My mother’s maiden name is Maddock. I’ve recently learned that I am a descendant of Virginia Dare.... I haven’t been given much information, but would like more. I was surprised to find out about my heritage, even more surprised that Ive been very interested, if not drawn to, the Roanoke tale, BEFORE I learned of my ancestors. I guess I’d like to have more insight ....


You're not a descendant of Virginia Dare. Virginia Dare died at the age of three.


What prompted Hammond to travel all the way across the country? Job? Vacation? Merely curious...


Hi Lucas,

That's a great question.  Mr. Hammond was apparently a tourist and was likely vactioning in North Carolina.

Thanks for visiting NCpedia!

Kelly Agan, NC Government & Heritage Library


The official literature differs from Bob's bio on Lewis E. Hammond above. Where does Bob find proof that this man he sites is the same one? Here is what literature states......" In mid-September, 1937, L.E. Hammond, a small produce dealer of Alameda, California, was touring in North Carolina. He wanted hickory nuts. On a causeway by a swamp about three miles from Edenton, North Carolina, he stopped his car. This swamp, until the causeway was built shortly before, had been as inaccessible as any jungle. About a quarter of a mile in the woods, on the east bank of the Chowan, the tourist stumbled over a rock slab. It bore an inscription. A clue to buried treasure? The thought is not uncommon in a section long the resort of pirates. The stone was heavy, but he lugged it to his car. In November, 1937, he came into Atlanta, in search of a translator. Chance brought him to Emory University. A colleague urged Professor Pearce to look at the stone."


Roanoke: Search for the Lost Colony was a very good show! I grew up just a little up river from where the show says the 1st stone was found.

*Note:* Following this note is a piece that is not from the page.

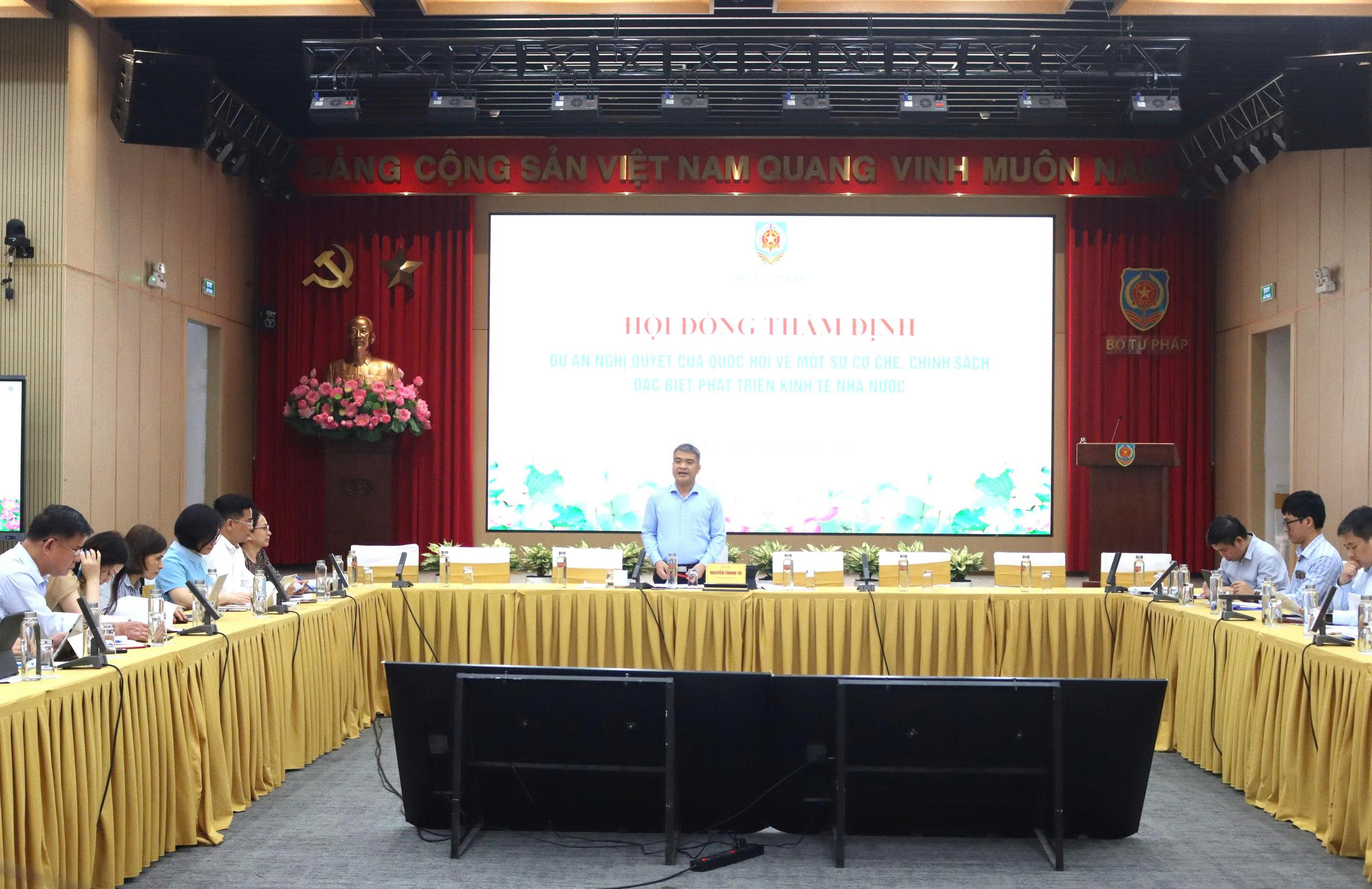Chiều 7-4, Thứ trưởng Bộ Tư pháp Nguyễn Thanh Tú chủ trì Hội đồng thẩm định dự án Nghị quyết của Quốc hội về một số cơ chế, chính sách đặc biệt phát triển kinh tế Nhà nước.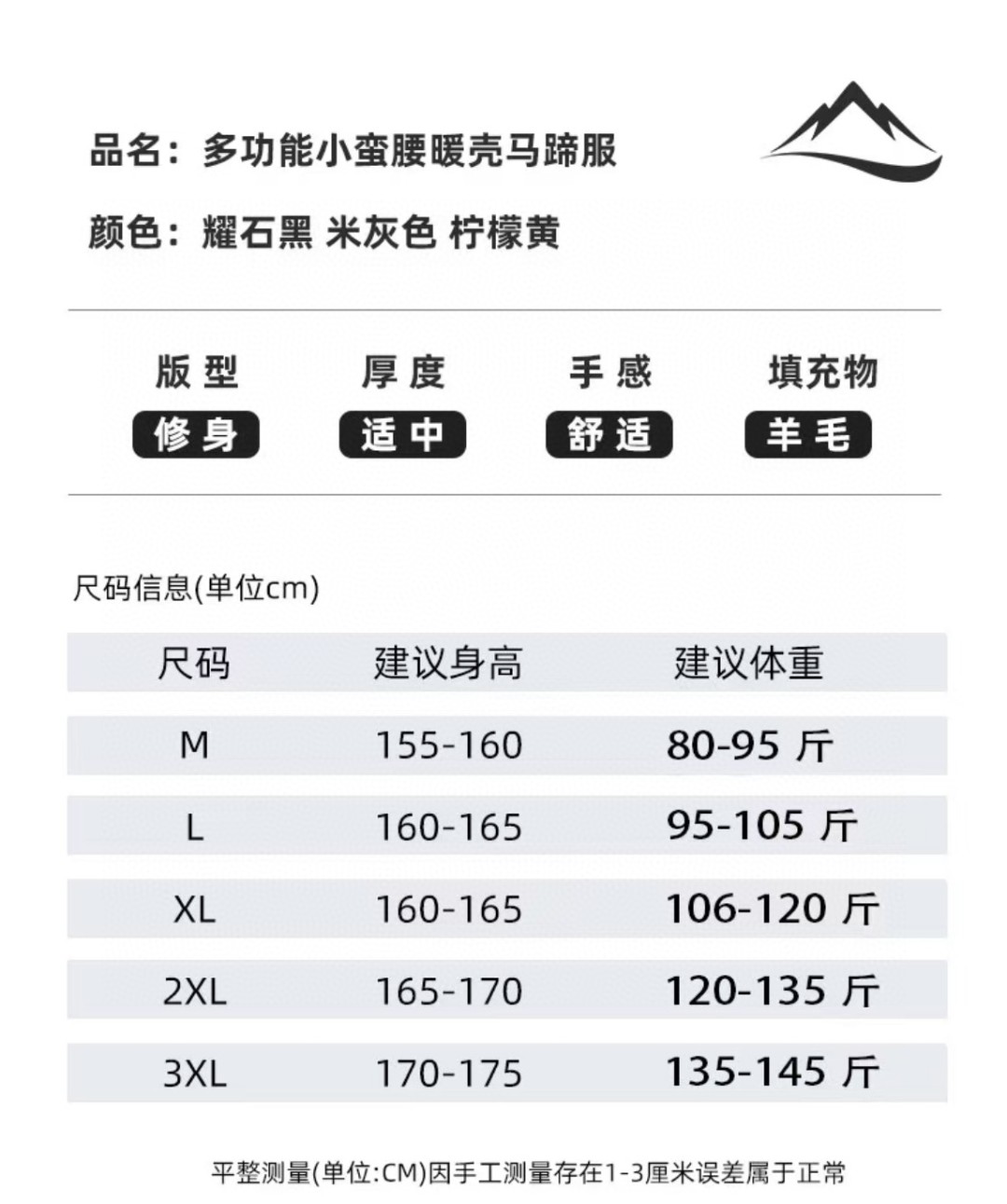多功能小蛮腰暖壳户外马蹄服系列 羊毛内里 防风防水防污

It is true that you can find pottery and arrow heads with every scoop of dirt in that area. However, this could not be the place the stone was found as the area is not near hwy 17. So the location contradicts previous reports.
I think the 1st stone is real, but I have doubts it was found by Hammond in the area. I suspect he purchased it from someone that he met at the Lost Colony Play.. It is too coincidental that he comes to watch the play and on trip back, he stumbles across the stone while looking for hickory nuts...


White was unable to search more than 1 afternoon due to bad weather, it being late in the year, with onshore winds threatening to drive his ship aground. It appears like the colonists split up among several sites, one being near present day Buxton, another at Beech Ridge on the Alligator River, a possible site near Cape Henry in VA which Powhatan bragged about destroying to Captain John Smith of Jamestown, and the present day site at the mouth of the Chowan River. The peculiar "disappearance" is partly due to the 100 year vacuum in North Carolina settlement, which was primarily settled from Virginia by landless and illiterate folk from Tidewater Virginia. Whatever slim documentation they may have left concearning the lost colonists was probably lost in turmoil with native Americans.NCpedia


Aye, but John Smith seems a bit of a liar with his tales. I would take everything he has written down with a grain of salt.